Every morning, as I sat at my desk adjusting to the my descent into
the deep, when I looked at the writers’ names on the articles
lists, and saw where they were emailing the articles from,
California, Utah, Florida, Mexico, Italy – all the car and racing
hotspots – my lethargy would be suddenly spiced up with a simmering
envy and bitter depression. Just the term “freelance” made me
envious, made me feel like I was in the wrong career bound to my
desk as I scanned articles for mistakes. I would often sit back in
my grey-blue, plastic, swivel chair and swivel 180 degrees to stare
out the large window I had in my office (thank God) that overlooked
downtown, at these times of lethargy/envy/depression, and I’d think
about these writers, the Free Lancers.
Getting paid to do what
the hell they liked… I would ponder this freedom they enjoyed
during those long, grey days in my office, as I slowly swiveled
myself back and forth in my grey-blue, plastic, office swivel
chair. There were so many window-watching mornings and afternoons
that I remember being embarrassingly caught a few times gazing out
into the distance.
And not just them, I had
always been talented enough at guitar and piano to be in and out of
bands over years, mostly in my college days, as I mentioned.

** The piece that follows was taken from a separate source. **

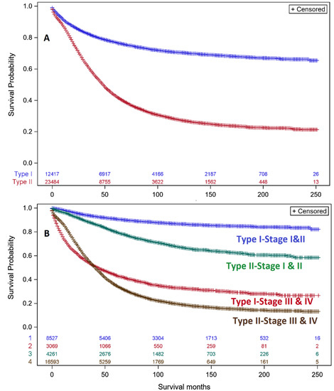 Kaplan–Meier survival of women with Type I & II EOC. (A). DSS of women with Type I EOC (blue curve, n= 12,417; 50, 100 & 200-month survival is 78.5%, 71.7%, 66.6%). DSS of women with Type II EOC (red curve, n= 23,484; 50, 100, & 200-month survival is 50.6%, 31.7%, 22.9%). p-value obtained by the log rank test. The number of women remaining at different survival points is shown for Type I (blue) and Type II (red) epithelial ovarian cancers. (Type I vs. Type II: p < 0.001). The number of women remaining at different survival points is color-coded for each of the four categories along the x-axis. Vertical lines identify censored data points. (B). DSS of women with Type I & II EOC according to stage. Early stage (I & II) Type I EOC (blue curve, n= 8,527; 50, 100 & 200-month survival is 91.9%, 87.7%, 84.9%). Early stage (I & II) Type II EOC (green curve, n= 4,261; 50, 100 & 200-month survival is 83.9%, 71.0%, 60.3%). Late stage (III & IV) Type I EOC (red curve, n= 3,069; 50, 100 & 200-month survival is 47.9%, 35.3%, 28.1%). Late stage (III & IV) Type II EOC (brown curve, n= 16,593; 50, 100 & 200-month survival is 44.2%, 23.4%, 15.2%) (Type I vs. Type II: p < 0.001). p-value obtained by the log rank test. The number of women remaining at different survival points is color-coded for each of the four categories along the x-axis. Vertical lines identify censored data points.

And
some of the guys I played with had never given up their dream, and
were still struggling to make it in the music business,
uncompromising, putting all their eggs in that one basket – even if
it meant teaching guitar at some rinky-dink guitar shop, or waiting
tables, or driving a brown UPS truck around.
One of them I knew had
recently chucked it all up and moved penniless to Austin, and was
still playing weekly open mikes – for nothing. Yet another has just
went to Nashville, and started working during the day as a painter
– of houses, not canvases. But he was still nobly, un-deviated from
the path of his dreams. In fact both of these friends of mine were
suffering but could suffer proudly, with dignity.
I had certainly
“deviated”
at bit, I realized as I sat
swiveled over to my window view on grey mornings. Every day in my
little office was becoming a wasted, blank day.
So I would lose focus and
drift, down into the deep sea depths, adjusting to the pressure and
change, to make it through the day. Staring out the window helped…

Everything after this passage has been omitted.